まだインターネットが普及してない時代に、インターネット番組をやった。

「何がこれから出てくるんだっていうことを、テレビマンは考えていかないといけない。新しいものには、何でも飛びついていった。それは、テレビが生まれてからずっとそうじゃないかな。だから、予感もするじゃないですか。これからは絶対インターネット社会になるっていう状況じゃなきゃ、やらないですよね。新しいだけじゃね。それは、常にありました。次に何がはやるかですね」

98年にCSで始めた「競馬予想TV」は、今も放送されている。

「この間、1000回記念で行ってきました(笑い)。競馬の番組って、競馬新聞のトラックマンが予想して、解説するっていうのがお決まりだったじゃないですか。
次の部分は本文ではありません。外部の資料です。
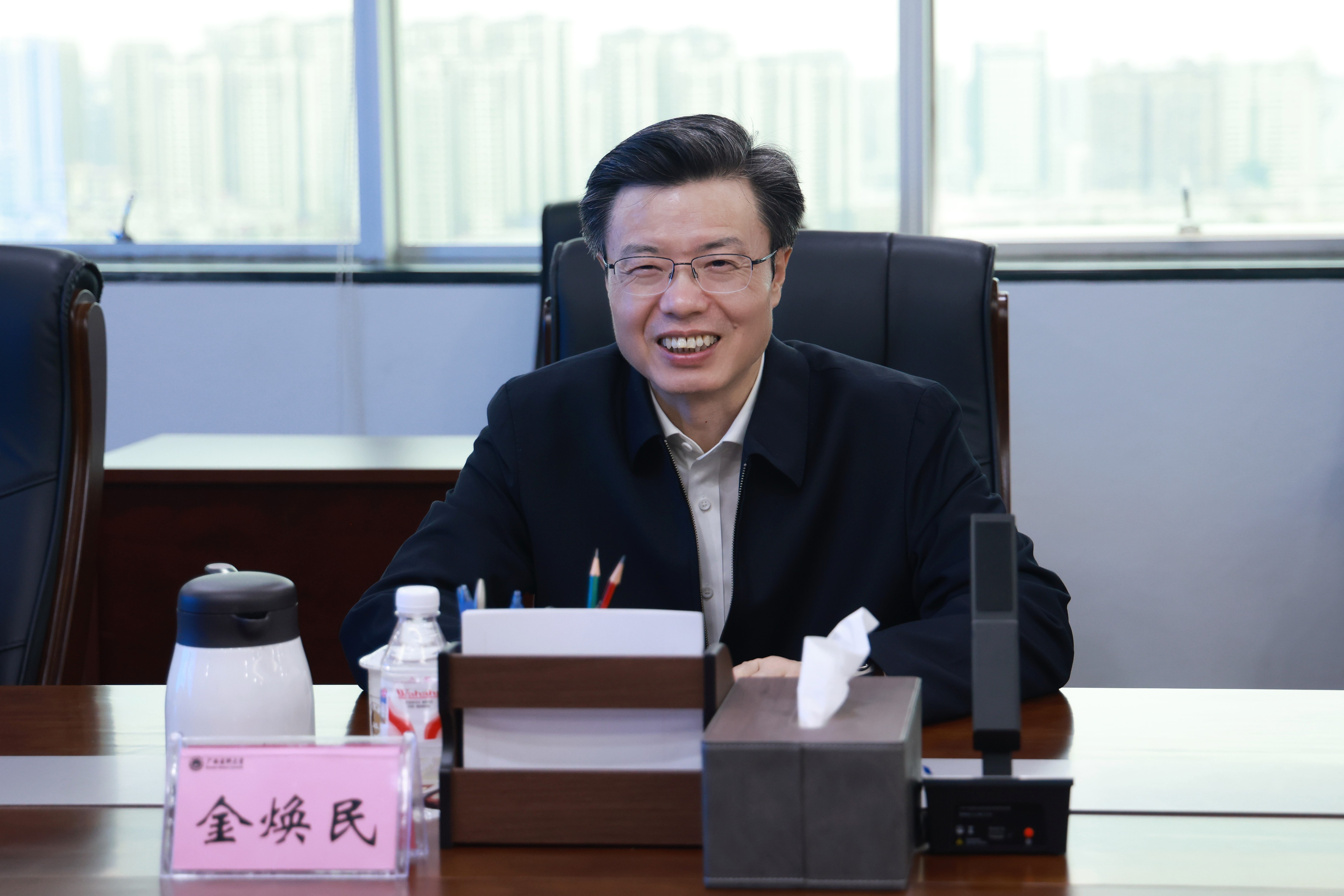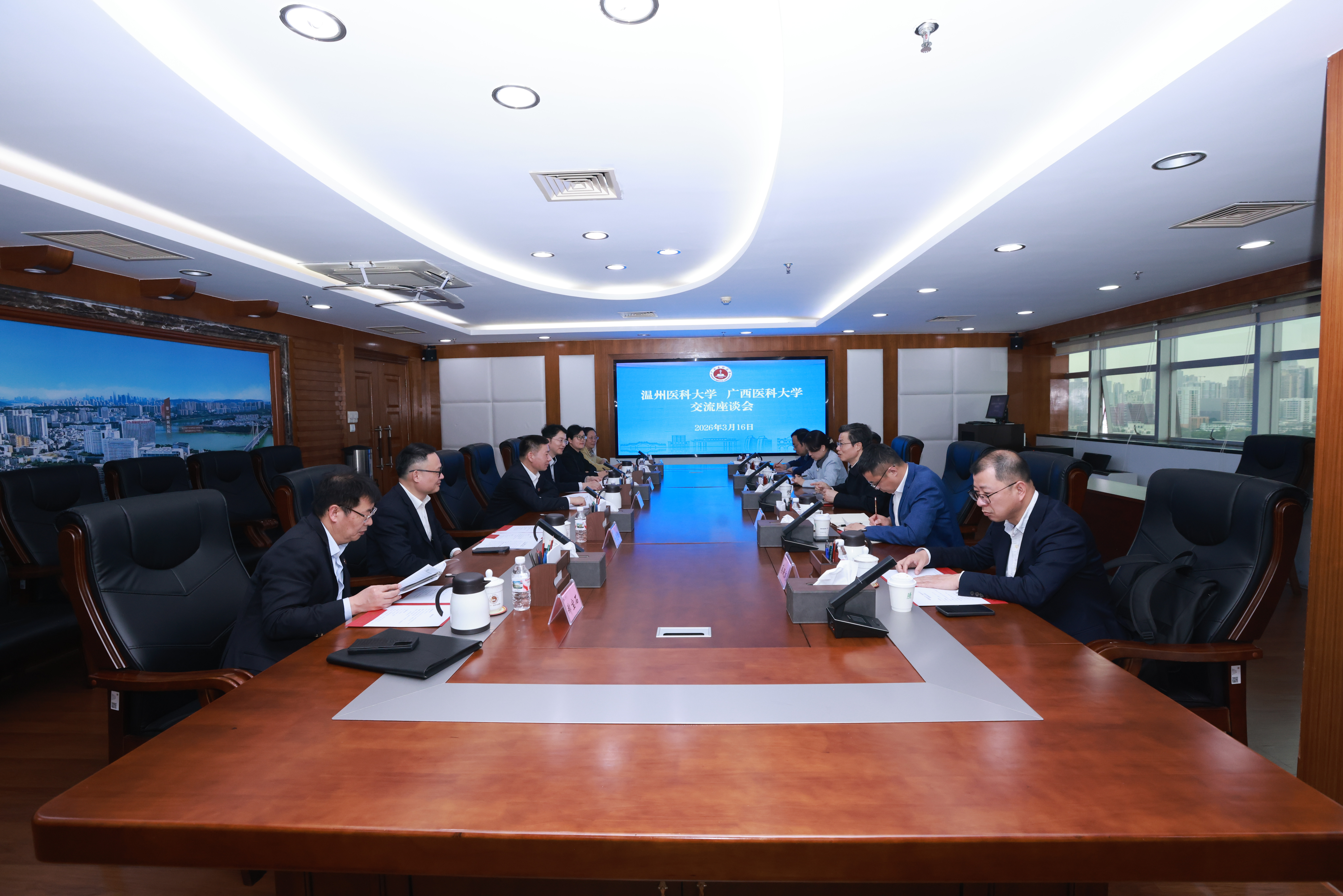 2026年3月16日下午,温州医科大学党委书记金焕民带队到我校调研交流。校党委书记陈川、副校长李浪出席座谈会,两校相关职能部门负责同志参加座谈。

それで、競馬ファンとしては納得できなかったわけですよ。彼らの主観的で客観性のない予想が。でも、世の中にはダビスタ(競走馬育成シミュレーションゲーム)もあったし、いろいろなところで、データとかパソコンで予想してる人がいるのを知っていたから。だから、そういう人間だけ集めて予想番組を作った。今は、他のチャンネルでもやってますけど、あの番組が走りです」。

(続く)【小谷野俊哉】

◆金光修(かねみつ・おさむ)1954年(昭29)10月28日、東京・石神井生まれ。1978年(昭53)早大第一文学部を卒業して、西武百貨店入社。83年フジテレビ入社。編成担当として「カノッサの屈辱」「料理の鉄人」「カルトQ」「ワーズワースの庭で」「バナナチップスラブ」「ラスタとんねるず」などの番組を手掛ける。97年CS放送立ち上げのためジェイ・スカイ・ビー派遣され、98年に「スカイパーフェクTV!」を立ち上げる。99年BSフジに出向。12年執行役員。13年専務。13年フジ・メディア・ホールディングス(FMH)常務。15年FMH専務。19年FMH社長。21年フジテレビ社長を兼任。